Mateo machte eine Pause und nahm einen Schluck Café con leche .
»Heißt das, dass bestimmte Stoffe, die wir zu uns nehmen, dafür verantwortlich sind, dass man sich zum Beispiel an etwas erinnert?«
»Nun ja,« Mateo lächelte nachsichtig. »Das ist eine sehr allgemeine Aussage, die Sie da machen. Man kann sagen, dass zum Beispiel unsere Ernährung entscheidend beeinflusst, ob bestimmte Gene an- oder abgeschaltet werden und wie eng die DNA um spezielle Proteine gewickelt wird. In verschiedenen Versuchen mit Mäusen konnte man nachweisen, dass auch Erfahrungen vererbbar sind. Das heißt, dass die Bereiche der DNA, die für diese Erfahrungen zuständig sind, so markiert werden, dass sie sich aufwickeln, dadurch ablesbar sind und in Zellstrukturen umgesetzt werden. Aber das Ganze ist um vieles komplexer, als ich es dargestellt habe und zum großen Teil noch unerforscht. Deshalb kann ich Ihnen Ihre Frage nicht beantworten. Aber wenn Sie sich bereiterklären, mit mir diesen Versuch zu starten, könnten Sie dazu beitragen, ein wenig mehr Licht in diese Dunkelheit zu bringen.«
Mateo war froh, dass er Sophie nicht näher erklären musste, was genau er erforschte.
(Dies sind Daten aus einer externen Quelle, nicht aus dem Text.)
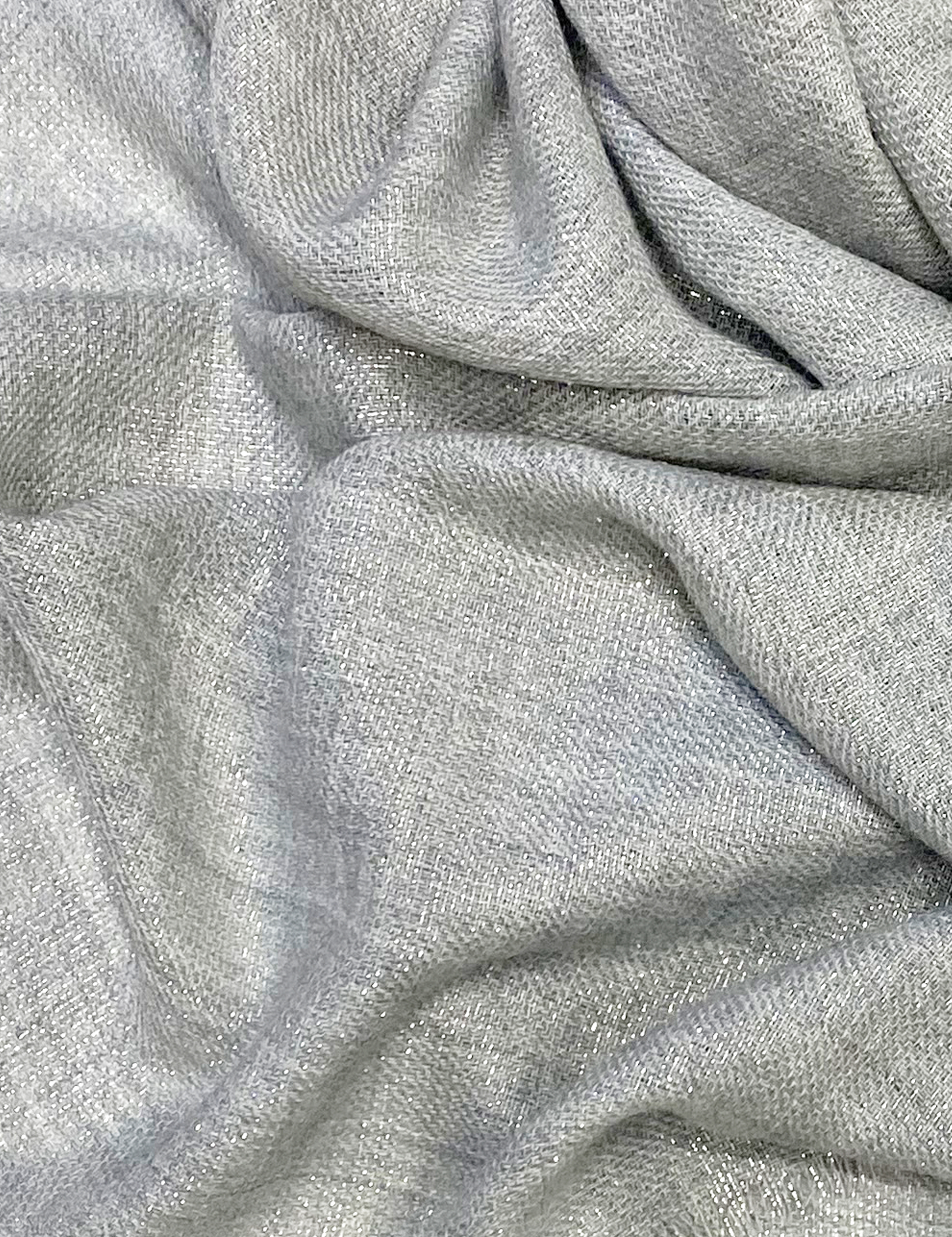 Versatile and soft mix wool stole enriched with metallic thread insertions.
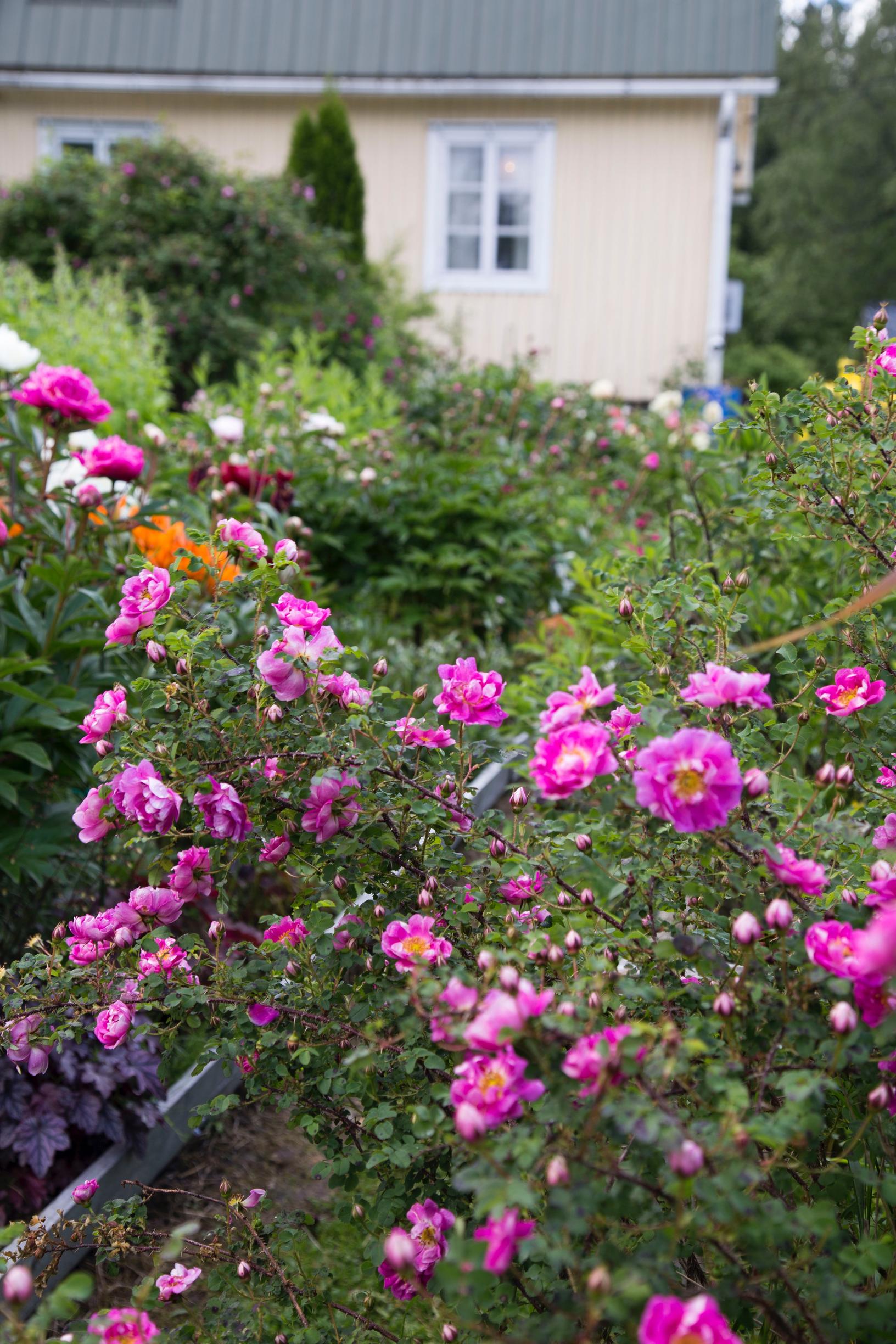 Nykyisin puutarhassa kasvaa useita damaskonruusuja ja toistasataa erilaista omajuurista pensasruusua. Punaisten ja valkoisten kukkijoiden joukossa helottavat keltaisina harisoninruusut ’Aurora’ ja ’Williams Double Yellow’, jotka ovat osoittautuneet kestäviksi ja runsaskukkaisiksi.

Immer noch fürchtete er, ein Konkurrent könne vor ihm die bahnbrechende Entdeckung veröffentlichen.
»Was genau werden Sie testen?« Sophie war sich immer noch nicht sicher, ob sie sich auf die Sache einlassen wollte.
»Ich würde bei Ihnen Hautzellen und Blut aus der Fingerspitze entnehmen. Einmal vor und einmal nachdem Sie den Tee getrunken haben, und einmal zusätzlich, während Sie schlafen. Anhand der Veränderungen in den Zellen kann man sehen, welche Bereiche der DNA für Erinnerungen zuständig sind, die vererbt wurden und ob die Substanz, die Sie da eingenommen haben, tatsächlich Bereiche der DNA zum Lesen freigibt.«
Diesmal hatte Mateo mehr gesagt, als er eigentlich wollte. Es ärgerte ihn, aber er brauchte Sophie. Wenn sich das als wahr erwies, was sie gesagt hatte, dann war das für ihn der Durchbruch zum Weltruhm.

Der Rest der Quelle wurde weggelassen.